You've gotten used to being asked to turn on your laptop as you go through airport security so the authorities can confirm it's really a computer and not a bomb. But you may not expect, on returning home from abroad, to have U.S. Customs demand your computer password so they can scrutinize your computer's contents, make a mirror image of your entire hard drive, or "temporarily" seize your laptop.
Start expecting it. Customs has been making such demands and engaging in such invasive searches and seizures. And last week the Ninth Circuit Court of Appeals held that the government has unfettered discretion to do so, with no requirement of reasonable suspicion to think you or your computer are implicated in any criminal activity. United States v. Arnold, No. 06-50581 (9th Cir. April 21, 2008). In Arnold, the officer booted up the defendant's computer and opened up folders called "Kodak Pictures" and "Kodak Memories." On seeing two images of nude women, the officer called in agents of Homeland Security to question Arnold and further search his computer. After finding numerous images of alleged child pornography, the officials seized the laptop, and eventually Arnold was criminally charged. The district court granted Arnold's motion to suppress the evidence on the ground that the search was not justified by any reasonable suspicion.

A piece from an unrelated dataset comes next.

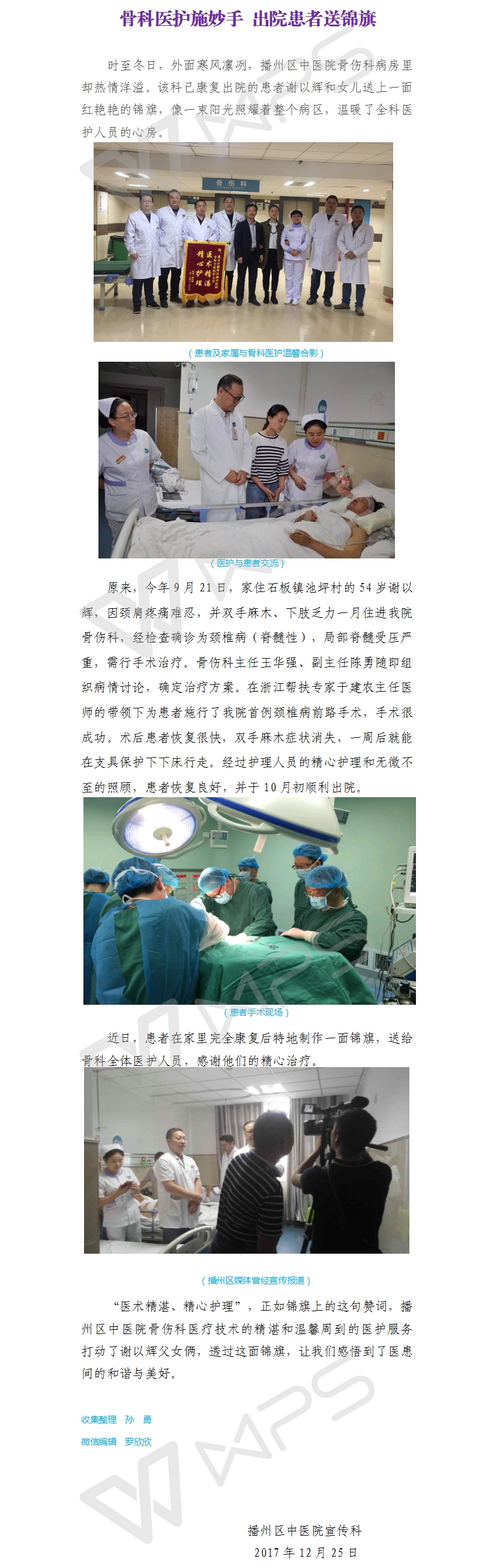 < 88岁高龄患者为区中医院皮肤科送锦旗

The Ninth Circuit reversed. (Arnold reportedly plans to petition for rehearing en banc.)
The Ninth Circuit's logic and holding. The court reasoned that the Fourth Amendment's protection against unreasonable searches and seizures simply does not apply to searches at the border (or at airports of entry). As the Supreme Court has held, "The authority of the United States to search the baggage of arriving international travelers is based on its inherent sovereign authority to protect its territorial integrity." It follows, the Supreme Court has stated, that as a general matter "searches made at the border … are reasonable simply by virtue of the fact that they occur at the border." Customs therefore has discretion to search luggage and the goods of incoming travelers for any reason or no reason, without any showing of reasonable suspicion. It makes no difference, concluded the Ninth Circuit, that a searched "container" holds vast amounts of personal or confidential business information: "Arnold has failed to distinguish how the search of his laptop and its electronic contents is logically any different from the suspicionless border searches of travelers' luggage that the Supreme Court and we have allowed."

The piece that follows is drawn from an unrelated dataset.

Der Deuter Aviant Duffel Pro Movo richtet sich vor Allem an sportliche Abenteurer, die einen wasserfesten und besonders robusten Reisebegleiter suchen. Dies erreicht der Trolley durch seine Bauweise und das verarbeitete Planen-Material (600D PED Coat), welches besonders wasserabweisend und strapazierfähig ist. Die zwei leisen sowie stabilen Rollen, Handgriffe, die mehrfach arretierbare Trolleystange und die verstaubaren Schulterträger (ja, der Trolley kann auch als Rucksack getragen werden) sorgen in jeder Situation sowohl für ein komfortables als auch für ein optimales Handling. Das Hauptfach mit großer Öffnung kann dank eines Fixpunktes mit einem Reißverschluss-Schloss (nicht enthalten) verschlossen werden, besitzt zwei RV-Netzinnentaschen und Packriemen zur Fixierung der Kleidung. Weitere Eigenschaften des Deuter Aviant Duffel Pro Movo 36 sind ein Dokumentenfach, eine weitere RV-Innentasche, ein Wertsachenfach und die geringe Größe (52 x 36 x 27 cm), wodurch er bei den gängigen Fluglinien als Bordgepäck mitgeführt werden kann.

The court dismissed concerns regarding any privacy or First Amendment interests. The holding:
"[R]easonable suspicion [of any crime or wrongdoing] is not needed for customs officials to search a laptop or other personal electronic storage devices at the border."

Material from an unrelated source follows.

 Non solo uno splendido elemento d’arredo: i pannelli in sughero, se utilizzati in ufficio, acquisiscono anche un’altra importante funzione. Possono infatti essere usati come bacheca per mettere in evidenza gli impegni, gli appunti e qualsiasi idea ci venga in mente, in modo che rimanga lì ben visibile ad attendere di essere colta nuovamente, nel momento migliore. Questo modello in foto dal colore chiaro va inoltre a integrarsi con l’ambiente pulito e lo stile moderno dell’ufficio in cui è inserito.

Implications for law-abiding business people. The power to engage in such searches and seizures without constitutional justification has disturbing implications for business. And while Customs asserts that its officers "are trained to protect confidential information," it is difficult to know what this means in practice. Consider these scenarios.
- Perhaps you are the CEO of a public company, whose laptop contains confidential notes on a planned acquisition or nonpublic information on earnings. A Customs Officer may access, copy and scrutinize those files, or turn them over to other unknown government employees or agencies, leaving you to wonder whether your seemingly secret information will be leaked or might generate what looks like insider trading.
- Or perhaps your computer contains an image of a new consumer electronics product, whose configuration is being kept ultra-hush until the product is released. Now you may need to worry about whether a government employee may gossip about what you consider a carefully guarded trade secret. This could result in premature media reports, and possibly a breach of statutory or contractual confidentiality obligations.
- Or perhaps you are the Chief Information Officer of an internet enterprise, and your computer holds a copy of a database of customer information, including personally identifying information. If the government seizes your computer or makes a mirror image of your hard drive, and the copy is subject to no apparent legal constraint, must you notify your customers of a security breach?
- Or perhaps you are in-house counsel, and your laptop holds memoranda on your company's regulatory compliance. Bear in mind, then, that Customs can make a copy of any attorney-client material or work product that is on your computer. It is not clear whether anything seriously restrains them from reading and forwarding it to any government agency that a customs officer thinks may find it of interest.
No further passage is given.